Defendant Davis argues that he should not be held responsible for the entire amount of drugs trafficked by the conspiracy because he was only a member of the conspiracy for a limited period of time. This position is inconsistent with the law. See, e.g., U.S.S.G. § 1B1.3. comment. (n. 1) (conspirator held accountable for "conduct of others in furtherance of the execution of the jointly-undertaken criminal activity that was reasonably foreseeable by the defendant"); United States v. Blackmon, 839 F.2d 900 (2d Cir. 1988) (conspirator liable for acts committed in furtherance of conspiracy prior to his entry into the conspiracy). Thus, it was not an abuse of discretion for the trial court to hold Davis accountable for the entire quantity of drugs trafficked by the conspiracy.
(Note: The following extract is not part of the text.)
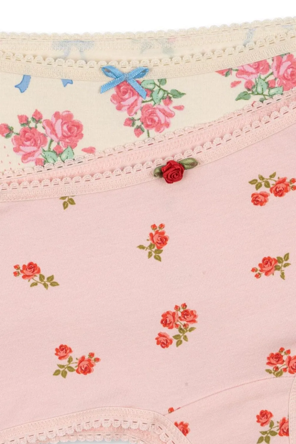 To hipstertrusser fra Konges Sløjd i et sæt. Den ene er rosa pink med små røde blomster, den anden er cremefarvet med rosa blomster og blå sløjfer.

Defendants make numerous other arguments with regard to evidentiary rulings and sentencing by the district court and conduct by the prosecution. Upon a thorough review of the record in relation to these matters, we find no error. In conclusion, we reverse the convictions of defendants Cecil Jackson and Whitener on the drug conspiracy count as duplicative of their convictions on the CCE counts. We affirm the defendants' convictions in all other respects. We remand the case to the district court for proceedings in conformance with this opinion.
AFFIRMED IN PART, REVERSED IN PART, AND REMANDED.
21 U.S.C. § 848(b) provides:
a person is engaged in a continuing criminal enterprise if--
(1) he violates any provision of this subchapter or subchapter II of this chapter the punishment for which is a felony, and
(2) such violation is a part of a continuing series of violations of this subchapter or subchapter II of this chapter--
(A) which are undertaken by such person in concert with five or more other persons with respect to whom such person occupies a position of organizer, a supervisory position, or any other position of management, and
(B) from which such person obtains substantial income or resources.
The trial court's complete instruction on the supervisory element stated:
The term organizer, supervisor or manager means that the Defendant that you are considering was more than a fellow worker, and that the Defendant you are considering either organized or directed the activities of five or more other persons whether or not the Defendant was the only organizer or supervisor. That is, it is not necessary the Government prove that the Defendant had sole, that is by himself, actual personal control or contact with each of the five or more other persons, nor that the Defendant was actually able to control those whom he organized, supervised or managed.